■ **Task details**: From the line that contains "С понятиями длинный-короткий, толстый-тонкий" to the last line of the records below, copy everything exactly, both ends included.

■ **Exercise materials**:
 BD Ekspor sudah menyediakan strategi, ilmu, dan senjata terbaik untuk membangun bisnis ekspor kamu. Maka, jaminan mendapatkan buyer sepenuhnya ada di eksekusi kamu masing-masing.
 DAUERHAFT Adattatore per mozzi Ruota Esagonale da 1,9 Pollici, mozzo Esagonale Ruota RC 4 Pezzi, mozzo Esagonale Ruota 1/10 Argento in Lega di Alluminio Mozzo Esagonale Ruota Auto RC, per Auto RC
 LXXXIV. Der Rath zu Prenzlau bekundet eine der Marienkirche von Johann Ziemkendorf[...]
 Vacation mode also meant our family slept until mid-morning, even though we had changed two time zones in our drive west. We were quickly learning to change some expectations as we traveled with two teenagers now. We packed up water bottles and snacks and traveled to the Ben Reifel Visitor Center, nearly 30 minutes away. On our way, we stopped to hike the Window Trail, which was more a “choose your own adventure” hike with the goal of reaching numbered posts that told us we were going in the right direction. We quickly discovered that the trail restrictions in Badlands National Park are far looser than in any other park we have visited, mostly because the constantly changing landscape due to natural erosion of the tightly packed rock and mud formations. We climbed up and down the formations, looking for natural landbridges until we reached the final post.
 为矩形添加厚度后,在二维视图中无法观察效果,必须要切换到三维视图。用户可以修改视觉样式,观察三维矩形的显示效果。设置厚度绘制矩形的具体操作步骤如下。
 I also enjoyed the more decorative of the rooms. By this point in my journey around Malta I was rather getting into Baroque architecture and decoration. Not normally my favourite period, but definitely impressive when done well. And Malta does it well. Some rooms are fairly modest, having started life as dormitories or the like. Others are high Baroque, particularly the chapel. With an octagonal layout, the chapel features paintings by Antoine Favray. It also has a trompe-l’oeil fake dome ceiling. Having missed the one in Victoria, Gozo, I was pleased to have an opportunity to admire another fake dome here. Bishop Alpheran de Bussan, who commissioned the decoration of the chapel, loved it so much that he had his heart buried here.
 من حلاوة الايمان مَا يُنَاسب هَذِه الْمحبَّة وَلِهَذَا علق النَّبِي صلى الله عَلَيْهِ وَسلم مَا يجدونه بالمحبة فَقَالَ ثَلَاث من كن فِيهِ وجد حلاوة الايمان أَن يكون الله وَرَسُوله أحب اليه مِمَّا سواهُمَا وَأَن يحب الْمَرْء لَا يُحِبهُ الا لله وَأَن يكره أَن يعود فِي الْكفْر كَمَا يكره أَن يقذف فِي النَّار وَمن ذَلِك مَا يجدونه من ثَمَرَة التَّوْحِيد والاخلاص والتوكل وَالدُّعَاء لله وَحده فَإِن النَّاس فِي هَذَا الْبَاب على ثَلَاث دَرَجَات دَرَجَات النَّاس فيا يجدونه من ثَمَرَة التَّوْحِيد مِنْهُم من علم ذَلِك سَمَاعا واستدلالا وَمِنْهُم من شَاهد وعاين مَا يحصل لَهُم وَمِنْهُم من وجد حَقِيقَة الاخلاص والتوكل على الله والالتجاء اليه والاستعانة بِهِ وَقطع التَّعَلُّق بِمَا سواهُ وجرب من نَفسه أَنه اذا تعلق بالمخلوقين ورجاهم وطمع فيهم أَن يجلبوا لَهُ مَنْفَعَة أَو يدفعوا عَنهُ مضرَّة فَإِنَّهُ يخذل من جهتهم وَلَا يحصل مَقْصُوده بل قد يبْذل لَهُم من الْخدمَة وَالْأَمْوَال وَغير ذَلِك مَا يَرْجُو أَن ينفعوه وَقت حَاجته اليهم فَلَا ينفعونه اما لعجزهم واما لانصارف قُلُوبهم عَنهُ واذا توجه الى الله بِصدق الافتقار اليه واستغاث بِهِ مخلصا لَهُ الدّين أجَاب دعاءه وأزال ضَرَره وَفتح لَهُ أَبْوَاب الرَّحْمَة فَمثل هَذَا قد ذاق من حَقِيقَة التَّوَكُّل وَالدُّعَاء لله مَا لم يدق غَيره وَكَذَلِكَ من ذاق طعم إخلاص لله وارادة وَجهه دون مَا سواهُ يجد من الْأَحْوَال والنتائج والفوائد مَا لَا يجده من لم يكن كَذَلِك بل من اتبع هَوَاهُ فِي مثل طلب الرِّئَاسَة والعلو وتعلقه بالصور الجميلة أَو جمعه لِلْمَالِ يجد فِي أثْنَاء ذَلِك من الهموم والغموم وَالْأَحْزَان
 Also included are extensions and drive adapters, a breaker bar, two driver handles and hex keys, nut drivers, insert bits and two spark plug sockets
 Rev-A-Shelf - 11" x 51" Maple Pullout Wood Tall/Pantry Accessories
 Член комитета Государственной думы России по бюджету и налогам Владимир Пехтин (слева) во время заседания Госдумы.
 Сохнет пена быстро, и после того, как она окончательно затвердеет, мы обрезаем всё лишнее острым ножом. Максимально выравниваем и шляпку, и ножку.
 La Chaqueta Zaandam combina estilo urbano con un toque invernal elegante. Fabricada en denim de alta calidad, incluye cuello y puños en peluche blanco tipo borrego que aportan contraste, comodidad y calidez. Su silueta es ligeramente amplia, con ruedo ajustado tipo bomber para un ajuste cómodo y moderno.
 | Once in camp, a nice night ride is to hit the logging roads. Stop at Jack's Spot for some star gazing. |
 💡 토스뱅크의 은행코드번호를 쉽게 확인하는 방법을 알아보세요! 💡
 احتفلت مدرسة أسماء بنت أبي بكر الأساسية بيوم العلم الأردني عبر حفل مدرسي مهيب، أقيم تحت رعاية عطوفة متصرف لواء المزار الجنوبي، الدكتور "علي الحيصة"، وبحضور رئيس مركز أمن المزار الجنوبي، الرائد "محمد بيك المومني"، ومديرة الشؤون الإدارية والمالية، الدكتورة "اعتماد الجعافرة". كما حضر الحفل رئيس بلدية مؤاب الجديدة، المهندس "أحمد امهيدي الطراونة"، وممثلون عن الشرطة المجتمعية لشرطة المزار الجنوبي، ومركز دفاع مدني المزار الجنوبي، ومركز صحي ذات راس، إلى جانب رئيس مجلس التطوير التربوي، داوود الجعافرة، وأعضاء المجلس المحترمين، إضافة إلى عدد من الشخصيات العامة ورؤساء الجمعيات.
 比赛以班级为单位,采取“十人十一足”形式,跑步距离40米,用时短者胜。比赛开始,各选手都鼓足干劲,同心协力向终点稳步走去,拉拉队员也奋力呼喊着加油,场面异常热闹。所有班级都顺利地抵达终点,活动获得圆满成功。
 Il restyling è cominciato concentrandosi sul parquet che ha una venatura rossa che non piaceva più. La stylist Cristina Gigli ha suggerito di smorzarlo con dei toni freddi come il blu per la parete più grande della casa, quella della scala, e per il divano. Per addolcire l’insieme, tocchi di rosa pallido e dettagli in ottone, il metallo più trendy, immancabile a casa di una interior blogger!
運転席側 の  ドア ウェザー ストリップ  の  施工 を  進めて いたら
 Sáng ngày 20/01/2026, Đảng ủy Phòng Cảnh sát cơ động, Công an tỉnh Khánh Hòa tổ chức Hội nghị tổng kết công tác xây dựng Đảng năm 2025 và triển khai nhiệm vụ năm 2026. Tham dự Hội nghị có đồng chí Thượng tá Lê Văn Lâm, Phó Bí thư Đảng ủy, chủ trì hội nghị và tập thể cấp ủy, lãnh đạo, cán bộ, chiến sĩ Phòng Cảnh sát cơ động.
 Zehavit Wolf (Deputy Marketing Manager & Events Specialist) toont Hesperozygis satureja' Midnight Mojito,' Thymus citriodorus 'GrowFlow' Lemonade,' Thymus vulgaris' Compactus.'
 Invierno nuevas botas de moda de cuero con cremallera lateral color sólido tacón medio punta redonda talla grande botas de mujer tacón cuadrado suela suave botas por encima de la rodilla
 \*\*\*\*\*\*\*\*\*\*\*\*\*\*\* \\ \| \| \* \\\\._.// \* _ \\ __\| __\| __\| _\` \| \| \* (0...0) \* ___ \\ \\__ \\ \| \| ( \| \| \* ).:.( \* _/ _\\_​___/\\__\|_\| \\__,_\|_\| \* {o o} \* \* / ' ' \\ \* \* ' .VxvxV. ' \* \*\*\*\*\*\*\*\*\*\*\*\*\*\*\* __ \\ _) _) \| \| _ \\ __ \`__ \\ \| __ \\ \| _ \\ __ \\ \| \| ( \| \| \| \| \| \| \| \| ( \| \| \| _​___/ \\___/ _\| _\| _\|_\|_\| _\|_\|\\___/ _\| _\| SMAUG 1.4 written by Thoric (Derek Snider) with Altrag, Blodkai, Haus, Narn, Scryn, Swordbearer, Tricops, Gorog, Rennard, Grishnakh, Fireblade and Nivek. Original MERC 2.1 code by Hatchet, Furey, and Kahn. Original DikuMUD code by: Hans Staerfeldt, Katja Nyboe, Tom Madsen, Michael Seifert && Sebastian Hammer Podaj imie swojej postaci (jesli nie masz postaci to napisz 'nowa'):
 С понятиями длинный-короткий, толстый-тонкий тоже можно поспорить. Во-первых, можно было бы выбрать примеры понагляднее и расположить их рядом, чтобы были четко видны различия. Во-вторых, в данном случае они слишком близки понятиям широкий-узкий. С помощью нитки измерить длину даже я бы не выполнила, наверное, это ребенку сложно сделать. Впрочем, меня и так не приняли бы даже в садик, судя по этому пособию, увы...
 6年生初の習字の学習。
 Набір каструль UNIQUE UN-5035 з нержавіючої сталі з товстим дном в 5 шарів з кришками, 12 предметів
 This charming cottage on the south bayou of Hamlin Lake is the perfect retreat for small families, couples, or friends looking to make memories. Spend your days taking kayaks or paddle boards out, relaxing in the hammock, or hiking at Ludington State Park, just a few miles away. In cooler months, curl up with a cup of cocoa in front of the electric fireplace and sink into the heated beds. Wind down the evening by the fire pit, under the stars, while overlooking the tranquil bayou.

■ **Completed task**:
 С понятиями длинный-короткий, толстый-тонкий тоже можно поспорить. Во-первых, можно было бы выбрать примеры понагляднее и расположить их рядом, чтобы были четко видны различия. Во-вторых, в данном случае они слишком близки понятиям широкий-узкий. С помощью нитки измерить длину даже я бы не выполнила, наверное, это ребенку сложно сделать. Впрочем, меня и так не приняли бы даже в садик, судя по этому пособию, увы...
 6年生初の習字の学習。
 Набір каструль UNIQUE UN-5035 з нержавіючої сталі з товстим дном в 5 шарів з кришками, 12 предметів
 This charming cottage on the south bayou of Hamlin Lake is the perfect retreat for small families, couples, or friends looking to make memories. Spend your days taking kayaks or paddle boards out, relaxing in the hammock, or hiking at Ludington State Park, just a few miles away. In cooler months, curl up with a cup of cocoa in front of the electric fireplace and sink into the heated beds. Wind down the evening by the fire pit, under the stars, while overlooking the tranquil bayou.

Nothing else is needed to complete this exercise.